#### Source data
'''

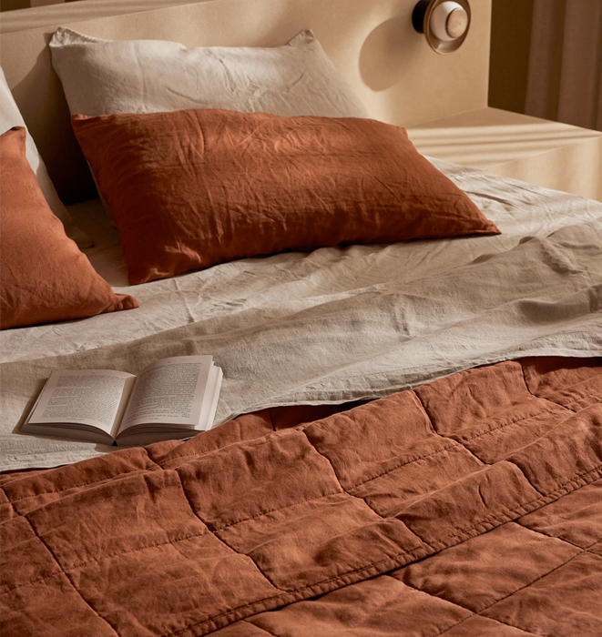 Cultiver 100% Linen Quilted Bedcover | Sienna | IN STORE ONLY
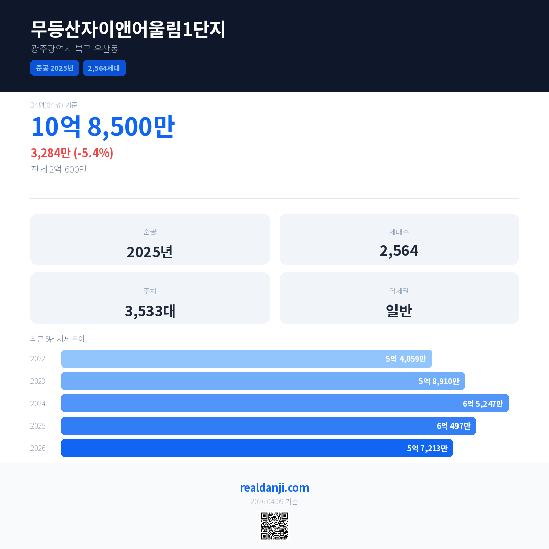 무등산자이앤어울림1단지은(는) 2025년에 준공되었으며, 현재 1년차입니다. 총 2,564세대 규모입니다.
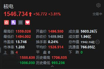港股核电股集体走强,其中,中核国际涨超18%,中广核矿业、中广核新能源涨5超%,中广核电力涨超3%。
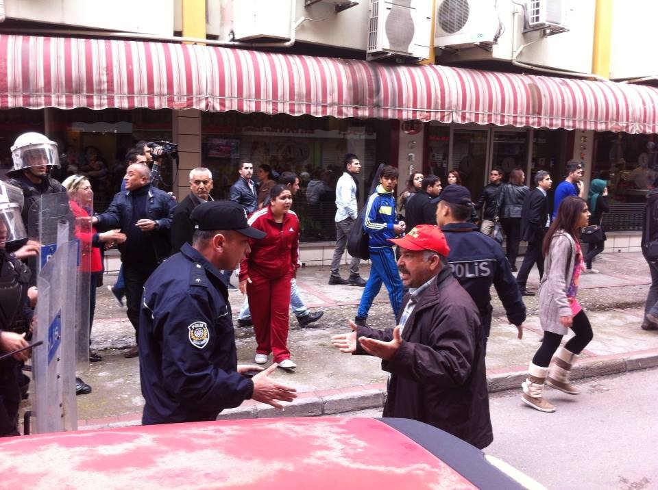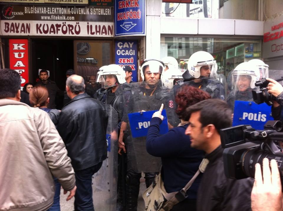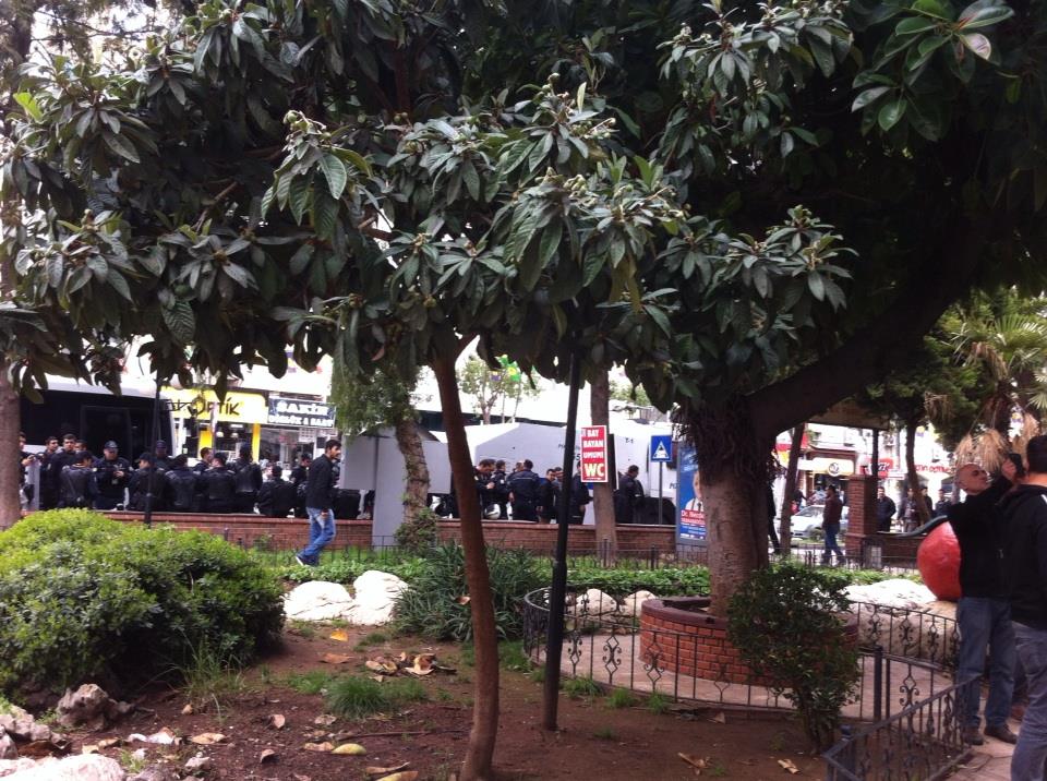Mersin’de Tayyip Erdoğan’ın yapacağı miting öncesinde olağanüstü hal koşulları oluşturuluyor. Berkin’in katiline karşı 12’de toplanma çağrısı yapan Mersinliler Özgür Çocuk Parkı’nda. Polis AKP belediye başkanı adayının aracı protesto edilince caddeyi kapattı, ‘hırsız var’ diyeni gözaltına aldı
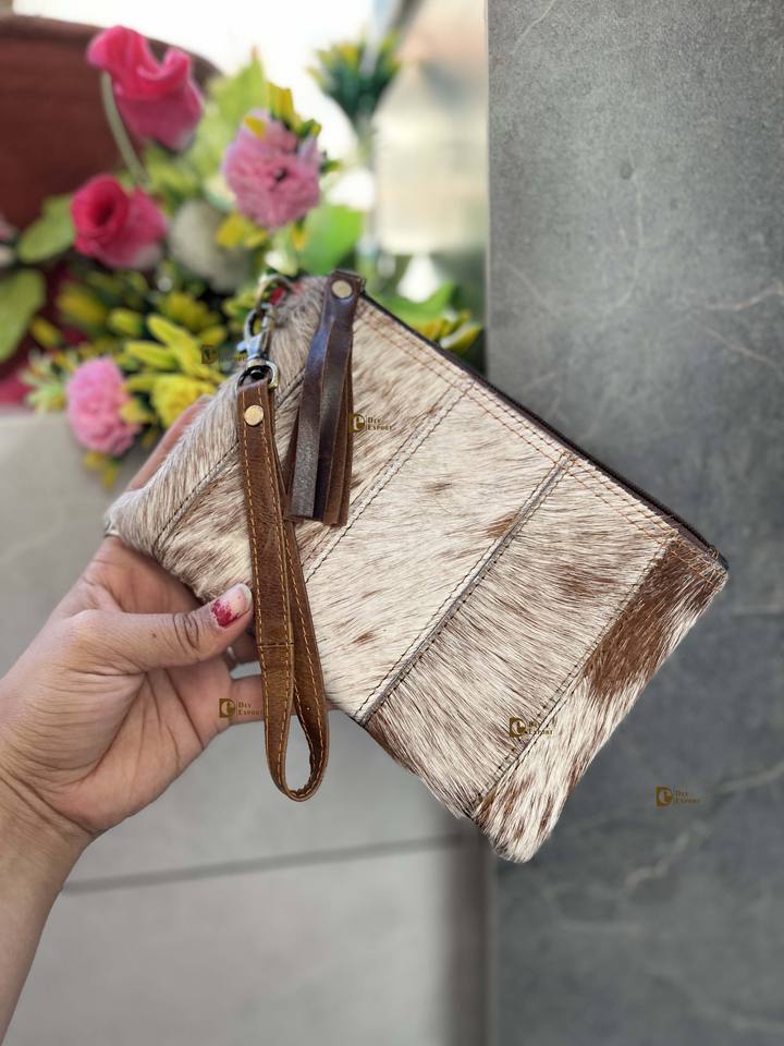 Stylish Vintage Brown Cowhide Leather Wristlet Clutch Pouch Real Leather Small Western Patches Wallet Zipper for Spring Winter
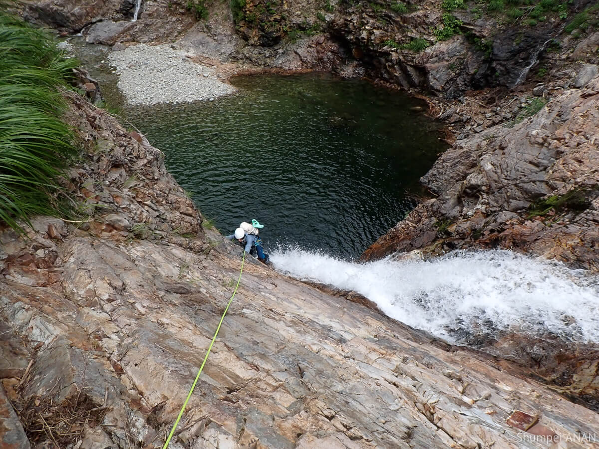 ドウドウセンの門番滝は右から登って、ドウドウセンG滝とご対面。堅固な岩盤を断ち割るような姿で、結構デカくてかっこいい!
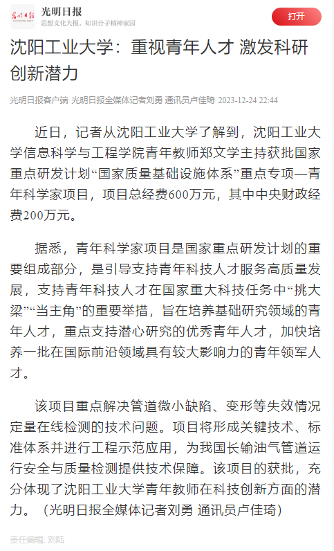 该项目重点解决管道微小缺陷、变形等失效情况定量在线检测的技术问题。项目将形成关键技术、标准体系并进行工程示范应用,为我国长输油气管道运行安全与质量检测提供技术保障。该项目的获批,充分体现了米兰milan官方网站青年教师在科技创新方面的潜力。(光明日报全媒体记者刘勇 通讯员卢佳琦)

'''
'''

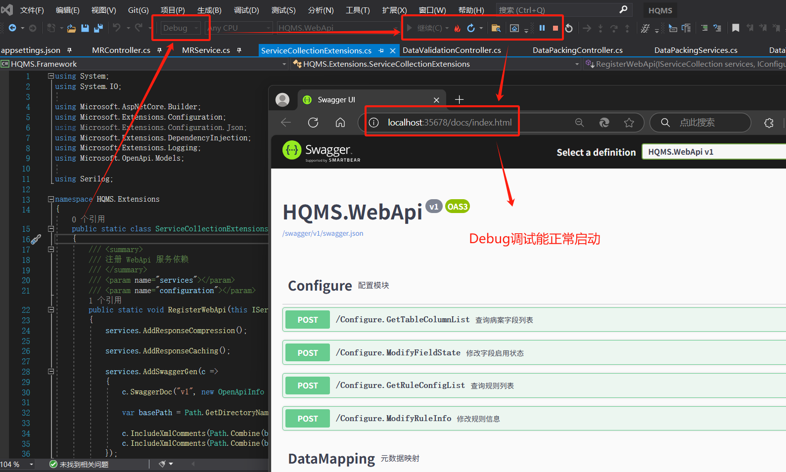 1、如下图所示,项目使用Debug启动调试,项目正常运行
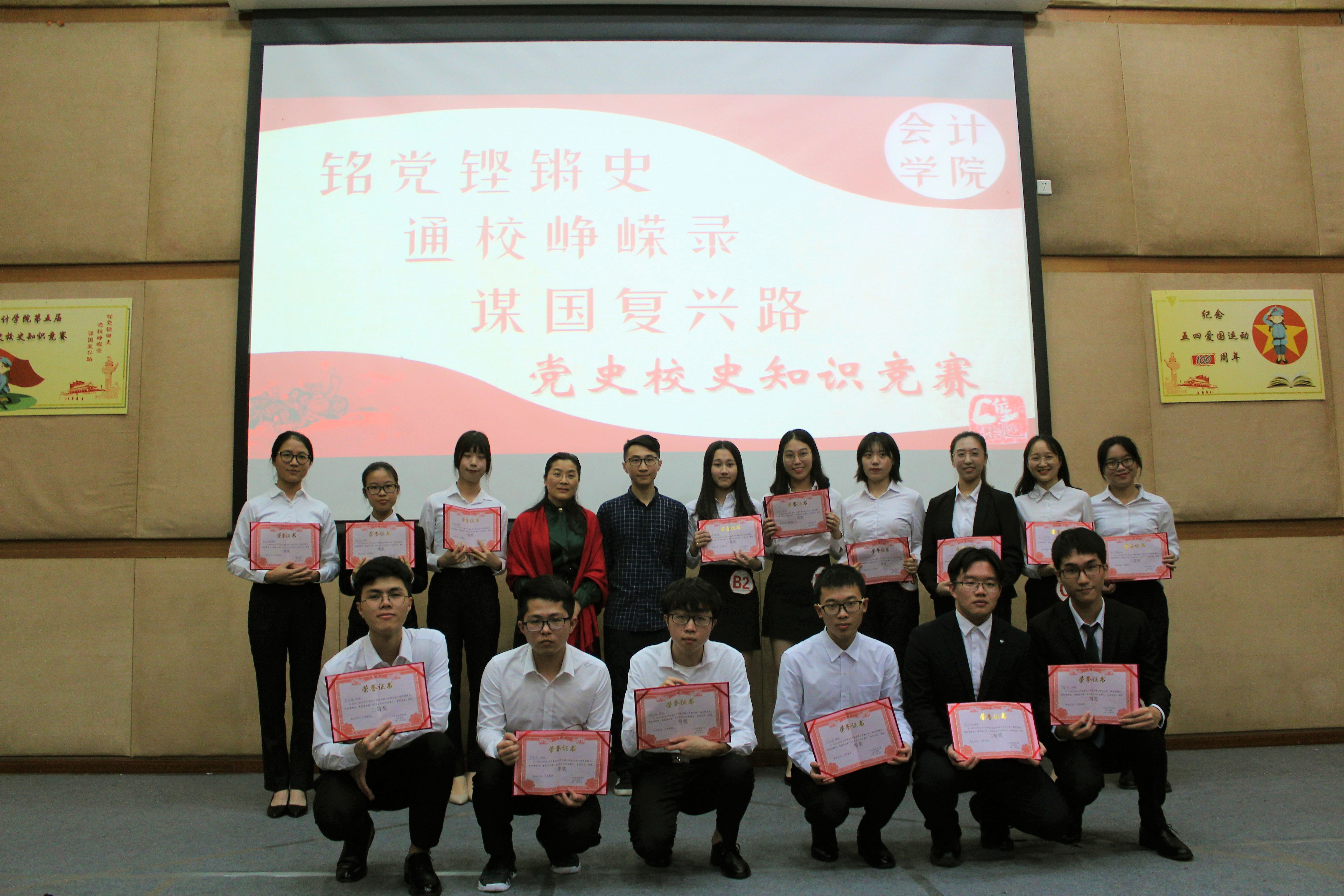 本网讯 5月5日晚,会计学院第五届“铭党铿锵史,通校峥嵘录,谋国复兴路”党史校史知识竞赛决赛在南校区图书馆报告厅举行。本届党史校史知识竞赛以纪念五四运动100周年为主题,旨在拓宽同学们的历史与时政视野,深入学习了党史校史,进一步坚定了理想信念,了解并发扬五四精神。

'''
'''

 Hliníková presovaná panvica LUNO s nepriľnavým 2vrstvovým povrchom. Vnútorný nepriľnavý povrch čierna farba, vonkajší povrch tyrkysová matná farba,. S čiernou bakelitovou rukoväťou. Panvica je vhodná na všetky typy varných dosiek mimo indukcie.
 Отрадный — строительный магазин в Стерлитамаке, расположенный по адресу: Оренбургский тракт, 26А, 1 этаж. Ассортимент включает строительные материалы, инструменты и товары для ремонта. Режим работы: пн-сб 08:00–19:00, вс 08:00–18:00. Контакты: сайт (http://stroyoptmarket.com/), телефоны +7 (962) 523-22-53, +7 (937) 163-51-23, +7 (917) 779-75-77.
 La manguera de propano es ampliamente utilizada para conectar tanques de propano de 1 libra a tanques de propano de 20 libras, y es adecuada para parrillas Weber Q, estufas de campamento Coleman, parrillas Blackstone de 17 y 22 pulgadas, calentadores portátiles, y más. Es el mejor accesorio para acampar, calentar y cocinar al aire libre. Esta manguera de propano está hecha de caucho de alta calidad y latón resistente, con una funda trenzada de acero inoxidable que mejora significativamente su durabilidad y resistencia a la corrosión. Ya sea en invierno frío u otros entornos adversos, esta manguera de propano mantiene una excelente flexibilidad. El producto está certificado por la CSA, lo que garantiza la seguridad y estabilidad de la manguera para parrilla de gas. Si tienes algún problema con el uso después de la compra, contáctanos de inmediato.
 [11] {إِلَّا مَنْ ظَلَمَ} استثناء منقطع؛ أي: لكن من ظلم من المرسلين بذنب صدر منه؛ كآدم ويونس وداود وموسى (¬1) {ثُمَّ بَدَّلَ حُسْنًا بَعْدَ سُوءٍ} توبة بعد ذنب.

'''

#### Prompt
Output only the lines above from the one containing "Cultiver 100% Linen" to the one containing "该项目重点解决管道微小缺陷、", both included, exactly as written and with no pictures.

#### Solution
 Cultiver 100% Linen Quilted Bedcover | Sienna | IN STORE ONLY
 무등산자이앤어울림1단지은(는) 2025년에 준공되었으며, 현재 1년차입니다. 총 2,564세대 규모입니다.
港股核电股集体走强,其中,中核国际涨超18%,中广核矿业、中广核新能源涨5超%,中广核电力涨超3%。
Mersin’de Tayyip Erdoğan’ın yapacağı miting öncesinde olağanüstü hal koşulları oluşturuluyor. Berkin’in katiline karşı 12’de toplanma çağrısı yapan Mersinliler Özgür Çocuk Parkı’nda. Polis AKP belediye başkanı adayının aracı protesto edilince caddeyi kapattı, ‘hırsız var’ diyeni gözaltına aldı
 Stylish Vintage Brown Cowhide Leather Wristlet Clutch Pouch Real Leather Small Western Patches Wallet Zipper for Spring Winter
 ドウドウセンの門番滝は右から登って、ドウドウセンG滝とご対面。堅固な岩盤を断ち割るような姿で、結構デカくてかっこいい!
 该项目重点解决管道微小缺陷、变形等失效情况定量在线检测的技术问题。项目将形成关键技术、标准体系并进行工程示范应用,为我国长输油气管道运行安全与质量检测提供技术保障。该项目的获批,充分体现了米兰milan官方网站青年教师在科技创新方面的潜力。(光明日报全媒体记者刘勇 通讯员卢佳琦)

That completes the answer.